For those who are perhaps not completely familiar with all the insurgent groups in Afghanistan, DAESH-K is also known as ISIS-K and ISKP. These evil doers are an off-shoot of the DAESH aka ISIS that we first encountered in Syria and Iraq. The letter “K” stands for Khorasan Province, which actually constitutes vast swaths of Central Asia, wherein they intend to establish an Islamic caliphate.
They first appeared on the scene in Afghanistan’s eastern provinces in 2014-15 and their initial recruits were from Pakistan-based Taliban who did not think the original Taliban were extreme enough.
Their attack on the Kabul airport not only sorely undermines the Taliban’s claim to be able to control the country, it also served as a reminder that as bad as they are, there are even worse elements to deal with in Afghanistan besides the Taliban.
Ironically the U.S. intelligence community now finds itself engaging in limited cooperation with the Taliban to not only prevent further DAESH-K attacks against their withdrawal efforts, but also to facilitate any hope of enforcing punishment upon the perpetrators of last Thursday’s attack.
In the immediate aftermath of the terror strike, a visibly enraged President Joe Biden vowed to the American people that justice would be served. “To those who carried out this attack, as well as anyone who wishes America harm, know this. We will not forgive. We will not forget. We will hunt you down and make you pay. I will defend our interests and our people with every measure at my command,” stated Biden in a public address.
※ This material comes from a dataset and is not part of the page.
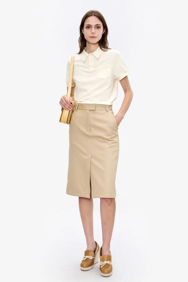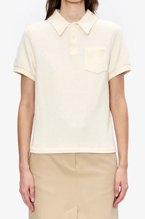 Polo court coton effet mousse écru

Those are tough words, but as the U.S. military presence in Afghanistan now consists of nothing more than a desperate rear-guard securing the soon to be renamed Hamid Karzai International Airport, Biden’s only hope of punishing the culprits will require the Taliban’s cooperation.
Most western analysts disbelieve the claims by the Taliban leadership that this new and improved regime will be a kinder and gentler version of its former self.
Many fear that despite promises of amnesty the Taliban will soon resort to revenge killings of those who had facilitated the foreign occupation.
This eventually may in fact play out in the days to come, but it is somewhat ripe for the U.S. State Department to be preaching against revenge killings.
In 2001, the U.S. invaded Afghanistan with a small number of special forces troops and heavy air support allied with anti-Taliban Warlords. The most notorious of these was Marshal Abdul Rashid Dostum.
Hollywood glorified Dostum and his American advisors in the 2018 film 12 Strong. What that movie did not reveal was that after his victory, Dostum executed approximately 2,000 of his Taliban prisoners. While that is horrific in itself, it was the fact that he killed them by simply locking them into crowded sea containers. They literally died through suffocation or starvation.
This was not an immediate death for the Taliban fighters, and the atrocity was well known among the rules-based international-order abiding U.S. military command.
Dostum was never charged with war crimes, and went on to serve pre-eminently within the Hamid Karzai regime. From September 2014 – February 2020, he was Afghanistan’s Vice President.
So yes, there are worse entities in Afghanistan than the Taliban and for the past twenty-years we helped keep them in power there.